On 5/19/05, Michael K. Edwards <m.k.edwards@gmail.com> wrote:
> > Anyways, I've never advocated relying on the circulars
> > in place of the copyright act.  I was just thinking that
> > the circulars explained some reasoning about the copyright
> > act that you seemed to be having difficulty with.  This is
> > the "derivative and collective works are disjoint" idea which
> > you seem to have even though it's not supported by law.
> 
> Still working on your proof by repeated assertion, are you?
> Collective works are not derivative works under copyright law, as I,
> Humberto, and Batist have proven to our own and each other's
> satisfaction, and the apparent satisfaction of all other active
> participants in this discussion, under the Berne Convention and under
> three otherwise widely divergent national implementations.  The fact
> that you cannot distinguish between a set containing the element X and
> a set containing a collective work that incorporates X is not my
> problem.

You've failed to offer any authority for your assertion that
derivative and collective works are disjoint.
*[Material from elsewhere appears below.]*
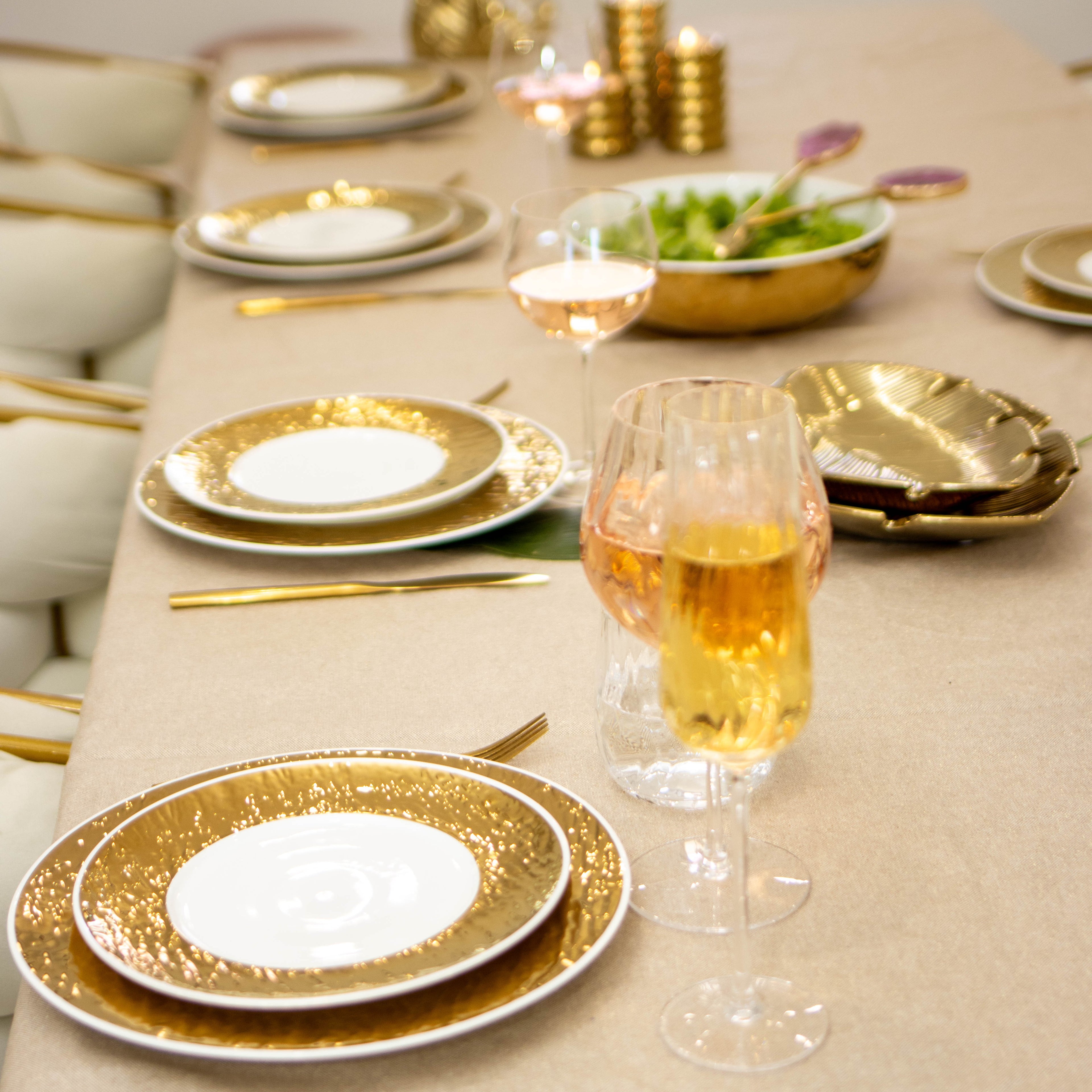 Lot de 6 Assiettes plate blanche et dorée 27cm Lot de 6 Assiettes plate blanche et dorée 27cm

I agree that you have cited plenty of authority which shows
that they are different.

I've presented examples -- which you have apparently
agreed are legally valid -- where the same work is both
a collective work and a derivative work.  You've asserted
that these are not valid examples of this concept, but
your "logic" escapes me.

> > I've not yet read the case summary to determine see what
> > it says about the literal copying issue.
> 
> You should not have any difficulty in establishing the correctness of
> "no literal copying has taken place" with regard to the Palladium
> opinion by applying your eyeballs to it for ninety seconds or so,
> especially if you use a browser that can find the words "preexisting
> sounds" in its text.

It's the relevance I'm having problems with.  

Palladium created literal copies of some music, without a license.  
The court declared that these copies were derivatives of the original 
and that Palladium did not have a license for them.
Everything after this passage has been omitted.